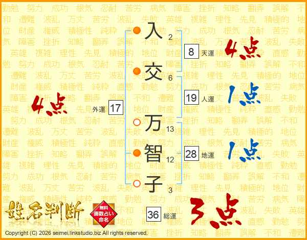 入交万智子さんの外運は17画の4点!
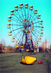 Decaying Ferris wheel in the abandoned town of Pripyat, about 4 km from Chernobyl.
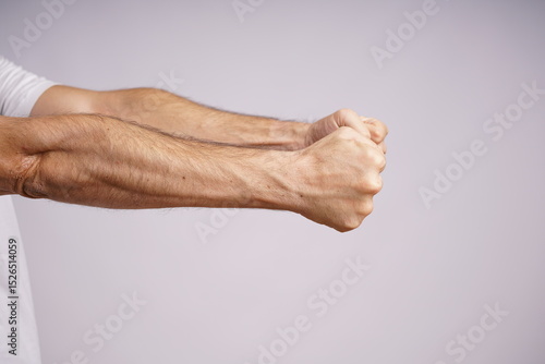 Expressive Male Hands on White Background in Studio Lighting
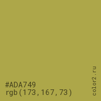 Цвет #ADA749 в цветовой модели RGB обозначается тремя октетами (173, 167, 73) в десятичном формате и #ADA749 в шестнадцатиричном (hex) формате, которые являются интенсивностью красного 173 (hex AD), интенсивность зелёного 167 (hex A7) и интенсивность синего 73 (hex 49).

------------------------------------------------

## Task brief
Skip all pictures. Write out only the lines from the one containing "Decaying Ferris wheel" to the end of the listing above, inclusive, exactly as given.

## Answer box
 Decaying Ferris wheel in the abandoned town of Pripyat, about 4 km from Chernobyl.
 Expressive Male Hands on White Background in Studio Lighting
 Цвет #ADA749 в цветовой модели RGB обозначается тремя октетами (173, 167, 73) в десятичном формате и #ADA749 в шестнадцатиричном (hex) формате, которые являются интенсивностью красного 173 (hex AD), интенсивность зелёного 167 (hex A7) и интенсивность синего 73 (hex 49).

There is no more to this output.